Don't have Python 3.10+ yet? Step-by-step install instructions for macOS, Windows, and Linux.

Multiple Python versions on your machine? If pip install reports No matching distribution found even after installing Python 3.10+, use python3.12 -m pip install agentprdiff (substitute your installed 3.10+ binary). Sidesteps $PATH confusion when Homebrew's Python and the system Python coexist. Full troubleshooting: Installation guide.

Adopting with an AI coding agent? Point Claude Code, Cursor, Aider, or any agentic IDE at AGENTS.md — a step-by-step adoption playbook the agent reads directly. Humans driving the adoption: see docs/ai-driven-adoption.md for copy-paste prompt templates. The canonical file layout — what's mandatory, what's recommended, what's optional — is at docs/suite-layout.md.

Why

Unit tests assume determinism. Agents aren't deterministic, but they do have behaviors you rely on — a specific tool gets called, a refund amount is quoted, a latency budget is respected, a safety guardrail fires. When a model or prompt changes, those behaviors drift. Today most teams find out in production.

agentprdiff turns those behaviors into versioned, diffable baselines you check into git, and a CI command that fails the build when they regress.

It is not a framework. Your agent stays exactly the way it is. agentprdiff records what it did, lets you assert what should be true about what it did, and compares runs across time.

10-line hello world

# suite.py
from agentprdiff import case, suite
from agentprdiff.graders import contains, tool_called, latency_lt_ms, semantic
from my_agent import run  # your agent — unchanged

support = suite(
    name="customer_support",
    agent=run,
    cases=[
        case(
            name="refund_happy_path",
            input="I want a refund for order #1234",
            expect=[
                contains("refund"),
                tool_called("lookup_order"),
                semantic("agent acknowledges the refund and explains the timeline"),
                latency_lt_ms(10_000),
            ],
        ),
    ],
)

agentprdiff init
agentprdiff record suite.py     # save this run as the baseline
agentprdiff check  suite.py     # in CI: diff vs baseline, exit 1 on regression

That's the whole product. Five CLI commands (init, record, check, review, scaffold). One Python file. Zero framework lock-in.

What's in the box

Case + Suite model — tiny, opinionated, no magic.
10 batteries-included graders — contains, contains_any, regex_match, tool_called, tool_sequence, no_tool_called, output_length_lt, latency_lt_ms, cost_lt_usd, semantic (LLM-as-judge with pluggable backend).
Baseline store — JSON files under .agentprdiff/baselines/, meant to be committed. Reviewers see trace changes in pull requests.
Diff engine — per-case TraceDelta with assertion pass/fail changes, cost delta, latency delta, tool-sequence changes, and a unified output diff.
CI-ready CLI — exit 1 on regression, --json-out for artifact archiving, Rich-formatted terminal output.
Zero SDK lock-in — works with OpenAI, Anthropic, Gemini, Bedrock, LangChain, LangGraph, LlamaIndex, Vercel AI SDK, custom wrappers — if you can wrap your agent in a function, agentprdiff can test it.
One-line SDK adapters — with instrument_client(client) as trace: automatically records every LLM and tool call when you're on the OpenAI Python SDK (sync or async — AsyncOpenAI is supported by the same context manager) or any OpenAI-compatible provider (Groq / Gemini / OpenRouter / Ollama / vLLM / Together / Fireworks / DeepInfra) or the Anthropic SDK. No manual Trace wiring required.

How it compares

	Unit tests	LLM-as-judge eval	`agentprdiff`
Deterministic pass/fail	yes	no	yes (when assertions are deterministic)
Catches behavioral drift	no	yes	yes
Runs in CI on every PR	yes	too expensive	yes
Human-readable diff of what changed	n/a	rare	yes
Works without API keys	yes	no	yes (deterministic graders + fake judge)

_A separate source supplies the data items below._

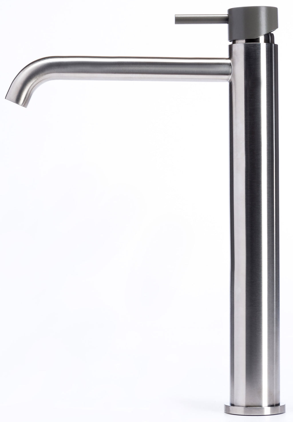 Einhebel-Mischbatterie mit hohem Waschbecken aus mattiertem Edelstahl mit anthrazitfarbenem Griff
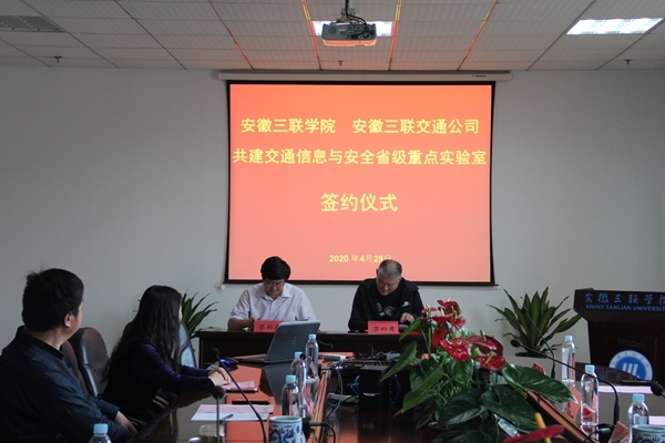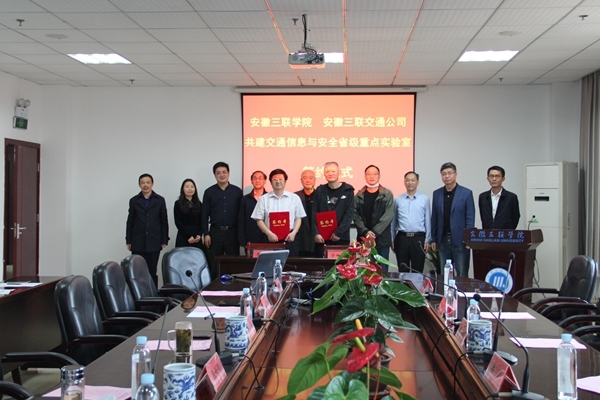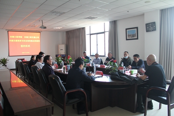 4月29日下午,我校与安徽三联交通应用技术股份有限公司(以下简称:三联交通)共建交通信息与安全省级重点实验室签约仪式在图书馆518会议室举行。三联交通总经理王江波,副总经理潘涛、张树林、唐毅、赵翀;安徽三联学院校长金会庆,党委副书记、副校长鲁先长,副校长姜发根、张世伟,财务总监范兆红,交通工程学院执行院长凤鹏飞参加签约仪式。仪式由副校长姜发根主持。
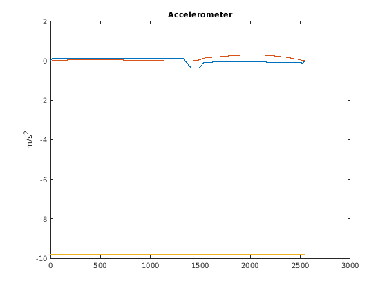 figure plot(accel) ylabel('m/s^2') title('Accelerometer')
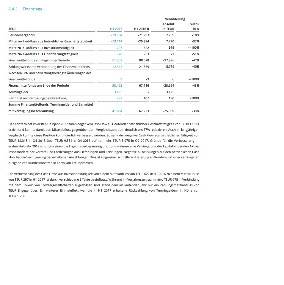 "... Die liquiden Mittel (inkl. Termingelder und Barmittel mit Verfügungsbeschränkung) des Konzerns beliefen sich zum Stichtag 30. September 2017 auf 31 Mio. Euro. Diese Position war um 11,3 Mio. Euro niedriger als zum Ende des zweiten Quartals..."
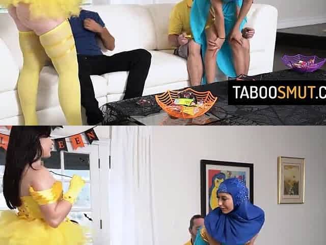 Cosplay teens takes their stepdads dicks as a threat for Halloween
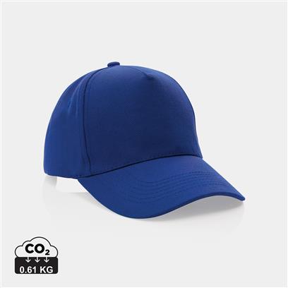Una gorra sencilla y cómoda. Esta gorra de 5 paneles tiene una visera curva, ojales bordados para ventilación y hebilla de metal. De algodón fabricada 100% con materiales reciclados y trazador AWARE ™.
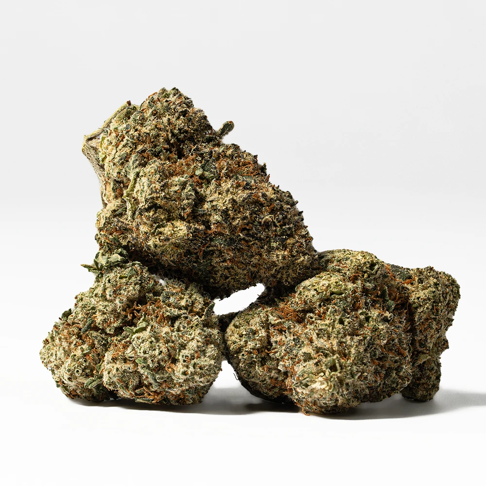 Waffle Cone is an indica dominant hybrid strain (70% indica/30% sativa) created through crossing the delicious Jet Fuel Gelato X Dosilato strains. Named for its delicious flavor and summertime high, Waffle Cone is a great choice for any classic indica lover. Like its name suggests, this bud has a super nutty and sweet creamy sugary flavor with hints of fresh cherries and sweet fruity berries, too. The aroma is very similar, with a fresh bouquet of sweet fruits and a touch of creamy nuttiness. The Waffle Cone high is one that’s perfect for a lazy day spent at home, with soothing and calming effects that will have your mind feeling at ease while your body becomes heavy and couch-locked. You’ll feel lifted with a stimulating sense of euphoria that instantly pushes out any negative or racing thoughts. At the same time, a physical tingle will creep into your body, leaving you feeling totally stimulated and completely relaxed from head to toe. In combination with its high 26-30% average THC level, these effects make Waffle Cone perfect for treating chronic pain, muscle spasms or cramps and inflammation. This bud has rounded dark olive green nugs with thick orange hairs and frosty milky white crystal trichomes.
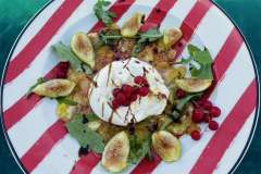 Stuffed figs with prosciutto slices, fresh goat cheese, honey and toasted almonds
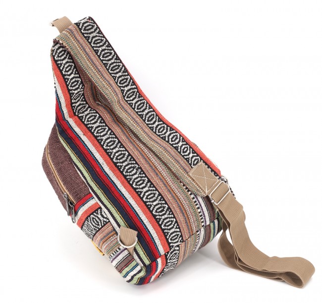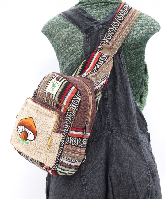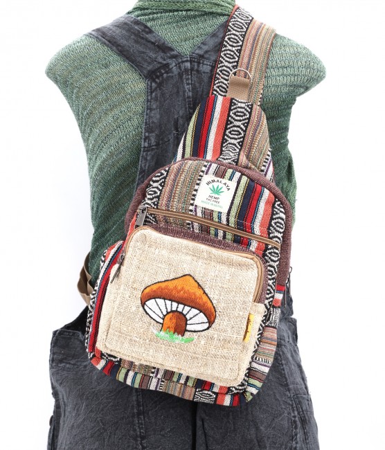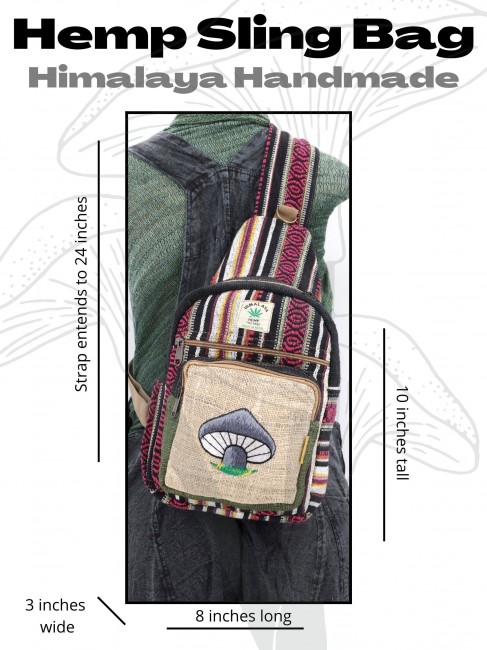 This Himalaya Hemp sling bag crossbody backpack is the perfect replacement for a traditional fanny pack. With the Adjustable strap, this sling bag fits all body types and can be worn over the shoulder across the chest or back. This sling bag features 2 front zipper compartments, 1 inner zipper compartment & inner padding for added safety. The Himalaya Hemp material makes this sling bag very durable with an added urban/sporty appeal.
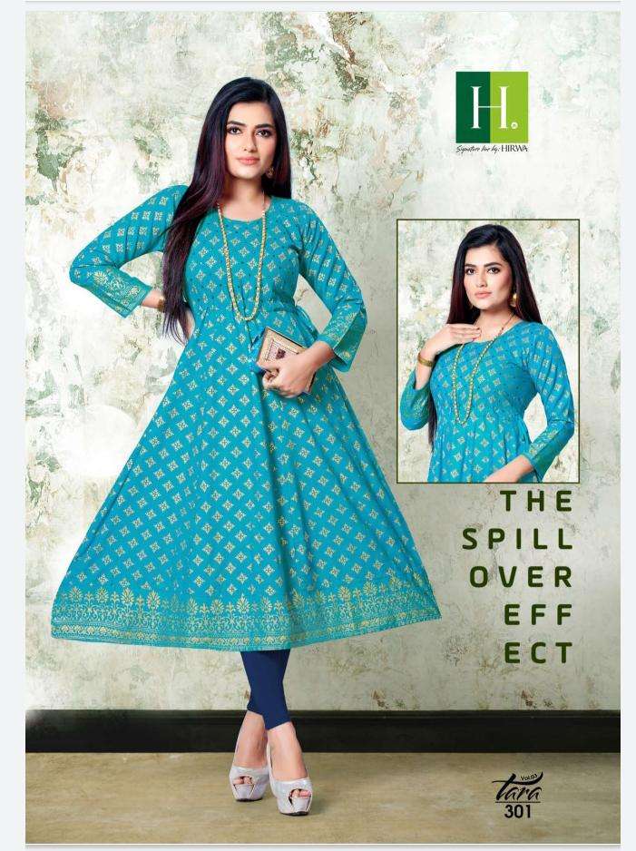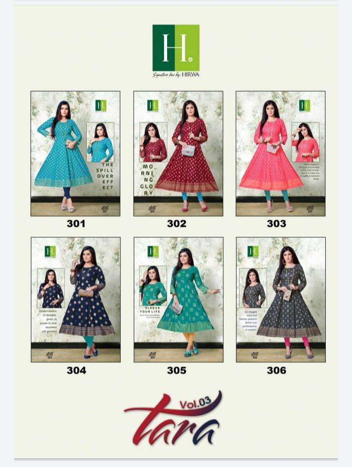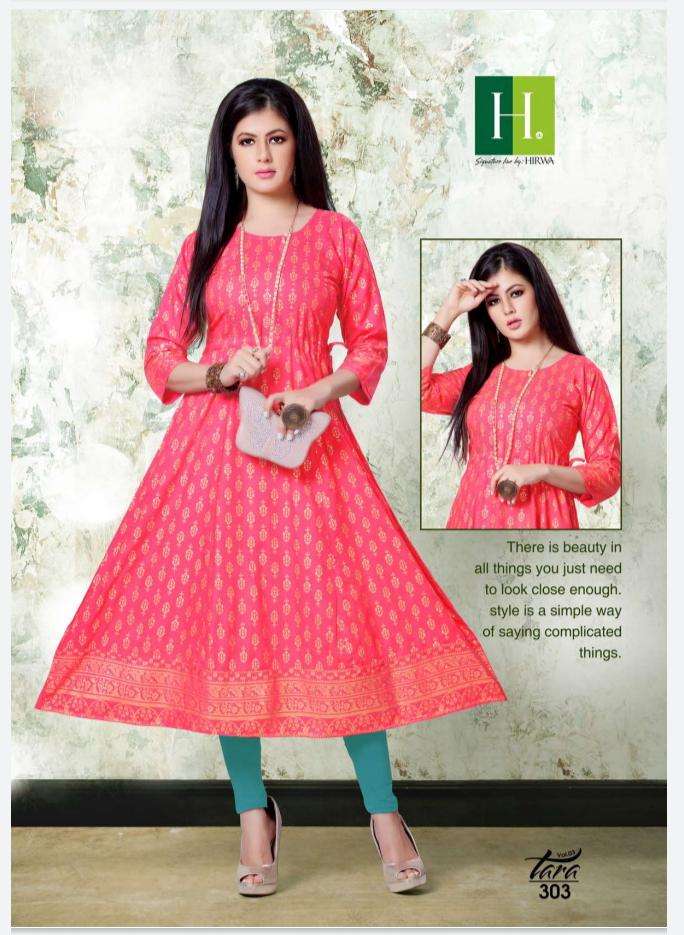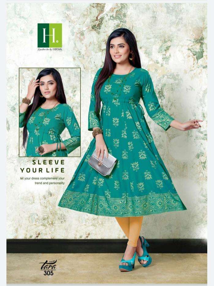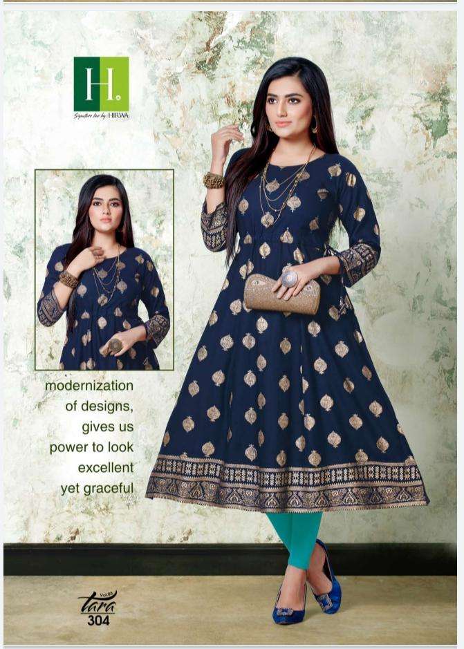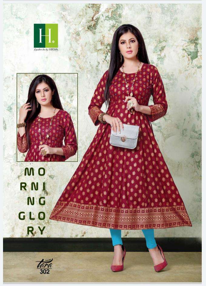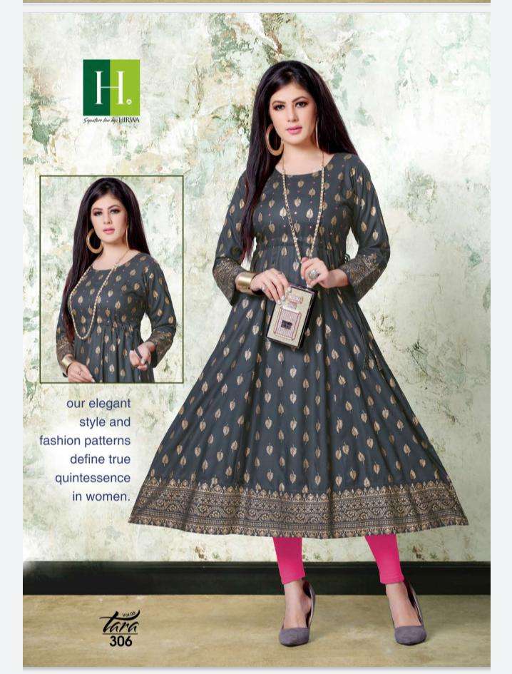 HIRWA presents its latest anarkali kurti catalog Tara-3 Heavy Quality Rayon Gold prints with mirror work Interlock on every kali. 45+" Length. 6 Designs. Sizes available: , M, L, XL, XXL Â |

The value is in the combination: deterministic assertions for the 80% of behaviors you can encode as rules ("this tool was called", "this word appeared", "cost stayed under $0.02"), plus a semantic grader for the 20% that need a judge — with a fake-judge fallback so your CI stays green and free when API keys aren't available.

The workflow

Write a Suite alongside your agent code.
Run agentprdiff record once on a known-good version. Commit the resulting .agentprdiff/baselines/ directory.
In CI, on every PR, run agentprdiff check. If any assertion regresses, or cost/latency budgets are breached, the job fails.
When behavior intentionally changes, the PR author re-runs agentprdiff record, commits the new baseline, and explains the change in the PR description. Reviewers see the before/after in the diff.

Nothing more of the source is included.